Review: Country Stars Honor Waylon Jennings on Live ‘Outlaw’ LP
It’s fitting that Chris and Morgane Stapleton open this homage to Waylon Jennings – they’re a spiritual echo of Jennings and Jessi Colter, the duke and duchess of Seventies outlaw country, and emblematic of how the movement shaped generations of acts who chafe at Nashville conservatism but refuse to be marginalized. Recorded live in July 2015, this concert LP gathers Jennings’ family and friends with all-star acolytes for the rarest of things: a tribute album that almost never flags, with performances that approach or match the originals.

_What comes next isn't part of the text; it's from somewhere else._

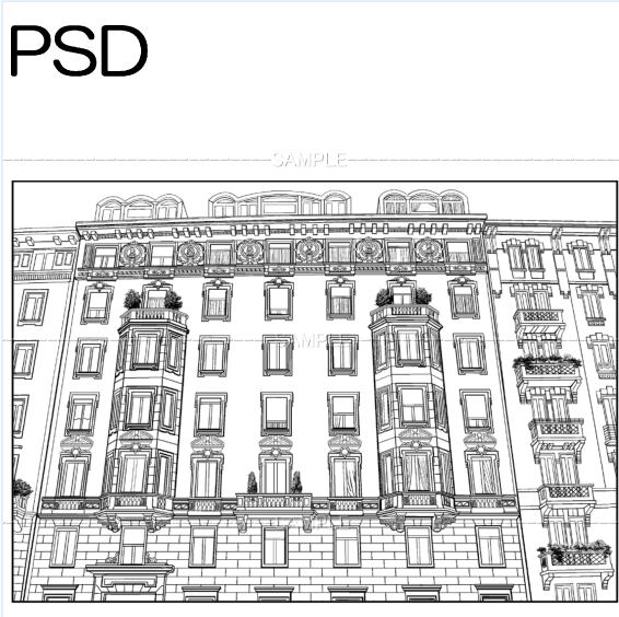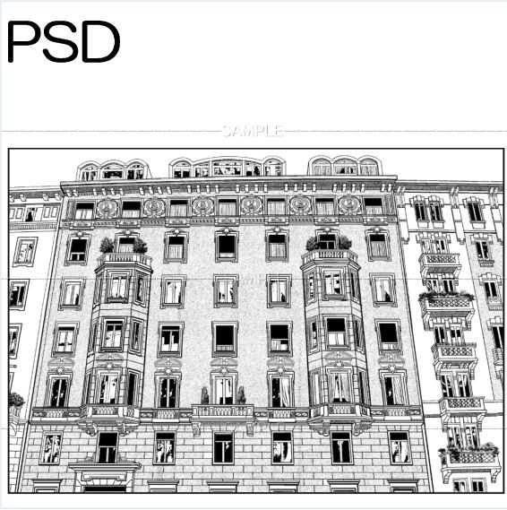 西洋建築003PSDファイル トーン使用する場合は 範囲選択フォルダから 選択して置き換えてください 作画内容は画像の各フォルダー レイヤーから確認できます

Jennings was both interpreter and writer, and when he
claimed a song, he owned it. But the gender flips here are illuminating: Kacey
Musgraves teases the pathos from “The Wurlitzer Prize (I Don’t Want to Get
Over You),” from Waylon & Willie; Alison Krauss reprises her
heavenly cover of “Dreaming My Dreams With You.” Jennings’ running
buddies shine, among them Bobby Bare, Willie Nelson, of course, and Kris
Kristofferson, whose ravaged “I Do Believe” – Jennings’ masterpiece
from their Highwaymen days – is a tear-jerker. That said, the set’s highlight
is “Freedom to Stay” by Jamey Johnson, perhaps the Waylon-est of the
man’s heirs (dude, where’s that new album?). Slowing the tempo to a crawl, he ponders
the song’s contradictions in his stentorian, Jennings-like baritone, laying out
the highly personal good-vs.-bad cage match that defines the soul of the best
country music, and of Jennings’ in particular.